The "Solidaritätslied" ("Solidarity Song") is a revolutionary working song written between 1929 and 1931 by Bertolt Brecht, and set to music by Hanns Eisler. It was written against the background of World War I, the Great Depression, and the social issues caused by the Industrial Revolution that were explored in Brecht's 1932 film Kuhle Wampe in which the song also appeared.

== History ==
Two versions of the text exist, both written by Brecht. The better known version is the second, written during the Spanish Civil War, which is more abstract and ideological. The first version is more closely tied to the film Kuhle Wampe where the melody is used frequently. Similarly, it features in the 1932 orchestral Suite No. 3 Kuhle Wampe, Op. 26. In 1932, the song was first performed with the collaboration of several working-men's choirs. The song spread quickly in the final months of the Weimar Republic, particularly at sporting events.

== Structure and score ==
The text used in the film differs in parts from the second version.

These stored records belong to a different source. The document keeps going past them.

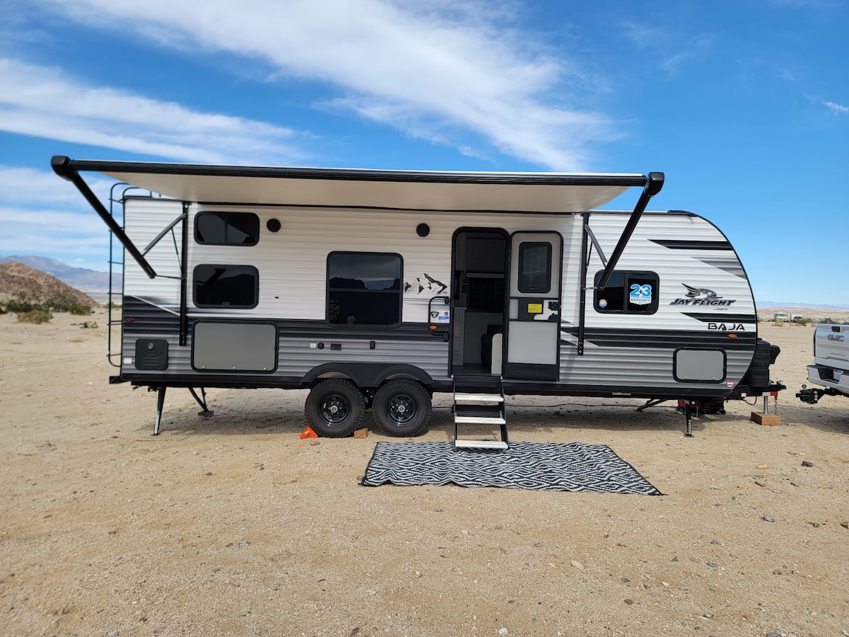 Acurrúcate en esta pequeña casa rodante, perfecta para la Bienal o cualquier visita improvisada a Bombay Beach. Nota: La propiedad es un trabajo constante en progreso; la estoy expandiendo/construyendo continuamente, por lo que este anuncio seguirá evolucionando con nuevas ofertas. El Jaybird es solo para un viajero solitario o una pareja. Tengo agua conectada a la propiedad, pero no electricidad. Por lo tanto, esto es ideal si buscas un paso por encima de acampar. Sin embargo, te damos la bienvenida a la ciudad, ¡esto es de lo que se trata!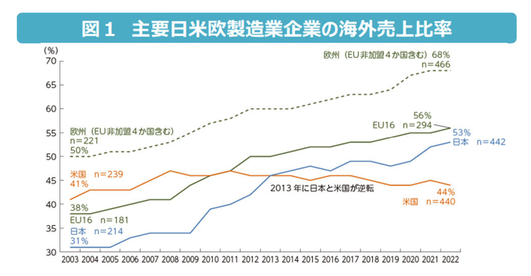 日系企業の海外売り上げ比率はここ20年で右肩上がりに上昇しており、日本の製造業は国内市場から海外市場にシフトしている現状です。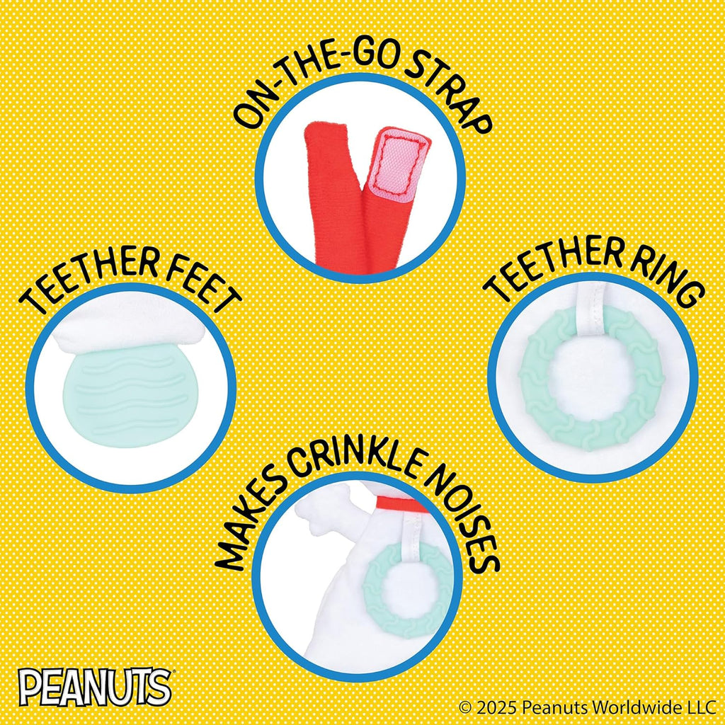 Snoopy has been a beloved character since the Peanuts comic strip first appeared in the 1950s, symbolizing friendship and cheerful companionship. This travel-friendly lovey is lightweight with a handy carry loop, making it easy to bring along on stroller walks or car rides to keep little ones calm and content. Plus, its spot-clean fabric means it stays fresh and ready to snuggle no matter where the day takes you.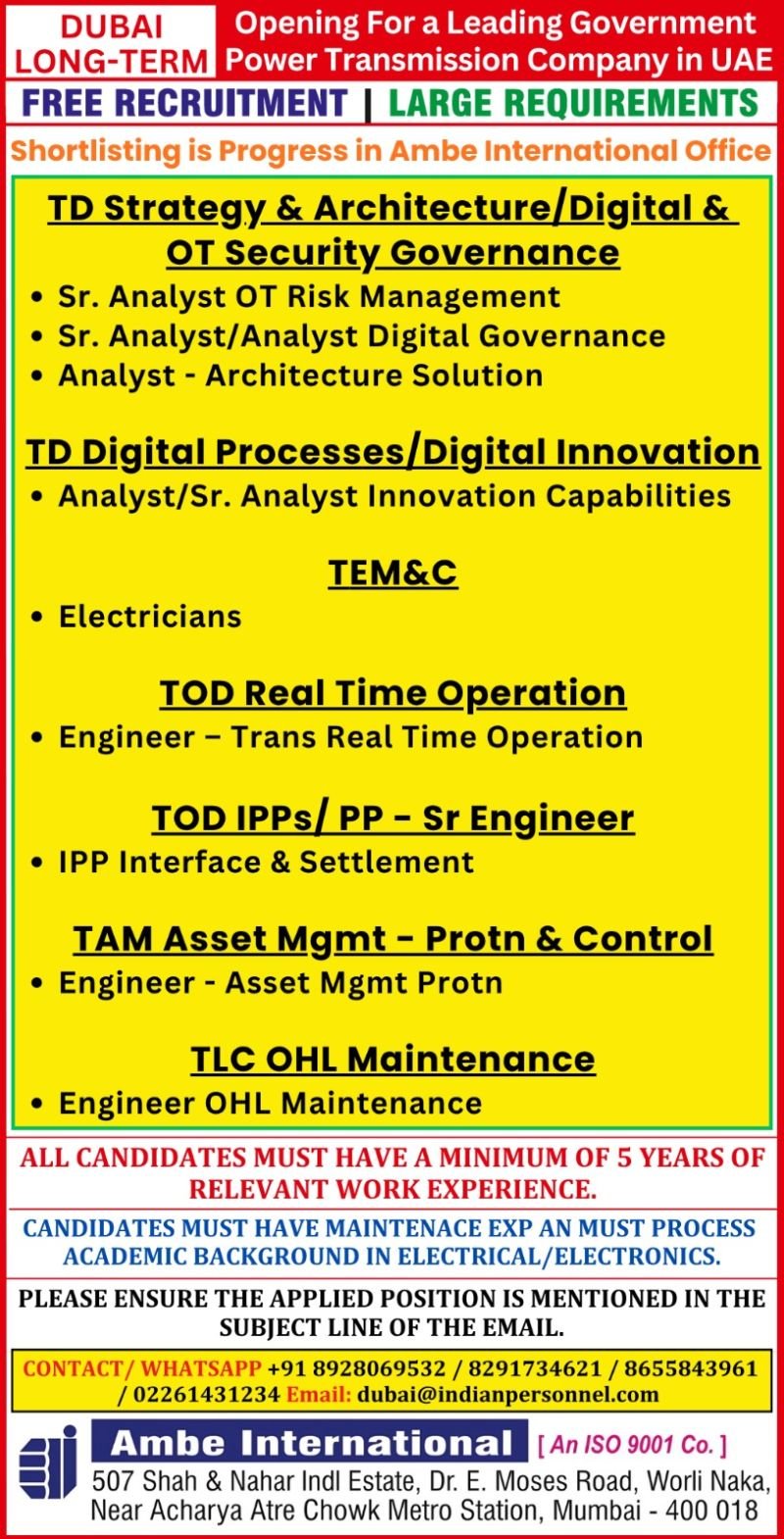 Free Recruitment – Shortlisting in Progress! Ambe International (ISO 9001 Co.) is hiring for a leading Government Power Transmission Company in Dubai, UAE. Large number of vacancies – Excellent salary + benefits. All candidates must have minimum 5 years relevant experience.

E.g. the following verse is only in the film:

Kommt heraus aus eurem Loche,
das man eine Wohnung nennt.
Und nach einer grauen Woche
folgt ein rotes Wochenend!

Come out of your hole
that one calls accommodation,
and after a grey week
follows a red weekend.

In Eisler's setting, in D minor, the first four syllables of the word "Solidarity" are repeated on the same pitch (a "D" above a subdominant G minor chord), while the final syllable of the chorus is sung one semitone (half step) lower, a C over a dominant A major chord. The final four bars of the song's coda repeat this chord change, ending on the dominant instead of the more natural return to the tonic, leaving the end of the song open, both musically and textually:

Wessen Morgen ist der Morgen,
wessen Welt ist die Welt?

Whose tomorrow is tomorrow,
whose world is the world?

The melody uses the BACH motif; the four notes are heard on the first beats in the bars 1, 2, 5, and 6. Eisler composed in 1934 a Prelude and Fugue on B–A–C–H for string trio, Op. 46.

== Versions ==
The text has been translated into multiple languages. The best known version was performed by Ernst Busch, who also appeared in Kuhle Wampe.

In 1961, a group of noted East German composers produced the joint composition Orchestervariationen über Eislers Solidaritätslied ("Orchestral variations of Eisler's Solidarity Song"). Among these were Andre Asriel, Fritz Geißler, Herbert Kirmße, Günter Kochan, Siegfried Köhler, Dieter Nowka, Joachim Werzlau and Ruth Zechlin, some of whom were students of Eisler.

Frederic Rzewski's 1975 piano composition The People United Will Never Be Defeated! cites the "Solidaritätslied" at variation 26.

The final two bars were used as an interval signal by the East German broadcaster Stimme der DDR.